分享一个几年前写的hive的话单比对的sql
需求
实现
- 创建外部表
- 读取目录的层级关系,修改外部表(体现hive表的分区属性)
- 执行话单比对
- 结果保存到hive表
操作人员:
- 配置两边的路径
- 配置构成主键的字段、要比对的字段
这个可能就是以配置文件的形式提供,你的linux shell要读取这个配置文件
//========================================================================
source_hdfs=/apps/prep/normal/archive/normal/591/
dest_hdfs=/user/bill/
comapared_words="EVENT_TYPE_ID,TICKET_ID"
#自定义对比日期
#如果要设置对比日期为当天的话:TODAY=$(date +%Y/%m/%d)
TODAY=2016/10/10
#例如$TODAY-3~$TODAY$-1 $TODAY$是23号那边就是比22,21,20
#$TODAY-start~$TODAY-end
start=3
end=0
//=========================================================================
start_shell_time=$(date +%s)
echo "---------开始脚本的时间为"$start_shell_time
echo "---------加载配置--------------------------------"
! . /home/hive/shill_hive/hql.conf && echo "hql.conf does not exist!"&& return
echo "---------开始话单比对脚本------------------------"

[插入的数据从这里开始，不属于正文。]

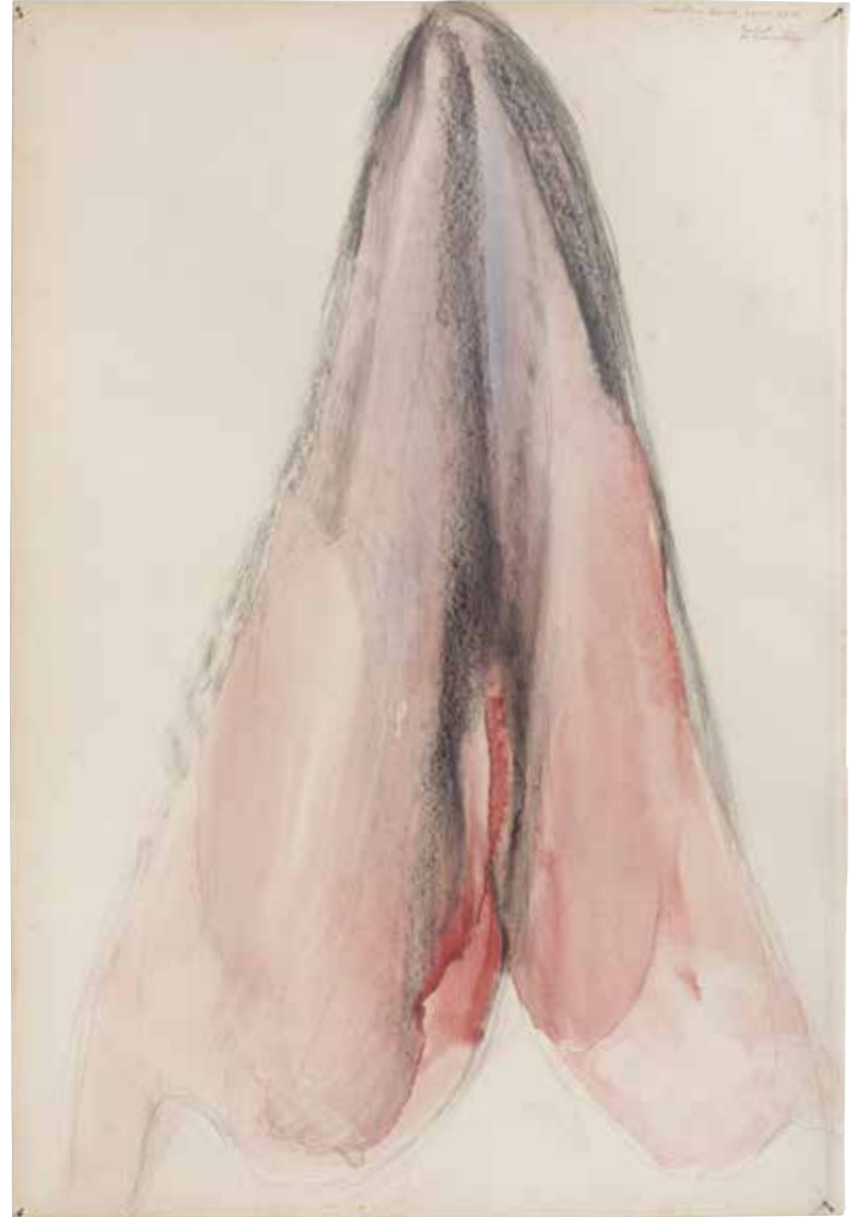
Berlinde De Bruyckere, MET TERE HUID , 2015-2016, aquarel en potlood op papier, 54,6 x 37,5 cm. Privé collectie

Naar aanleiding van dit verhaal maakte De Bruyckere monumentale 'doeken' waarin de elementaire vormen van een lelie te herkennen zijn. De lijst is gemaakt van eikenhouten planken die ooit als vloer dienst deden. Het 'canvas' wordt gevormd door oud behangpapier dat in zijn gelaagdheid de sporen toont van verschillende generaties bewoners. De materialen hebben een rijke geschiedenis en vermengen zich tot een overvloedig beeld. Als een archeoloog kan de bezoeker het beeld ontleden.

echo "---------今天日期为:"$TODAY"---------"
echo $TODAY
echo $start
echo $end
end2=`expr $end - 1`
start_date=`date -d "$start day ago $TODAY" +%Y/%m/%d`
end_date=`date -d "$end day ago $TODAY" +%Y/%m/%d`
echo "---------对比时间为:"$start_date"~"$end_date"---------------"
first=`date -d "$start day ago $TODAY" +%Y%m%d`
second=`date -d "$end2 day ago $TODAY" +%Y%m%d`
#将所有的时间保存到数组date_array中
n=0
while [ "$first" != "$second" ]
do
date_array[$n]=`date -d "$first" +%Y/%m/%d`
echo `date -d "$first" +%Y/%m/%d`
let n=`expr $n + 1`
let first=`date -d "-1 days ago ${first}" +%Y%m%d`
done
echo "---------准备创建hive外部表source与dest"
drop_source_table="DROP TABLE IF EXISTS source;"
drop_dest_table="DROP TABLE IF EXISTS dest;"
create_source_table="
CREATE EXTERNAL TABLE source (
json string
)
PARTITIONED BY(month string,date string,par string)
ROW FORMAT DELIMITED
STORED AS textfile
LOCATION '$source_hdfs';"
create_dest_table="
CREATE EXTERNAL TABLE dest (
json string
)
PARTITIONED BY(month string,date string,par string)
ROW FORMAT DELIMITED
STORED AS textfile
LOCATION '$dest_hdfs';"
/usr/hdp/2.2.0.0-2041/hive/bin/hive -e "$drop_source_table"
/usr/hdp/2.2.0.0-2041/hive/bin/hive -e "$create_source_table"
/usr/hdp/2.2.0.0-2041/hive/bin/hive -e "$drop_dest_table"
/usr/hdp/2.2.0.0-2041/hive/bin/hive -e "$create_dest_table"
echo "---------hive外部表创建成功---------------"
#获得所有的时间 然后分区location 2016/10/10 2016(0) 10(1) 10(2)
source_partition_sql="alter table source add"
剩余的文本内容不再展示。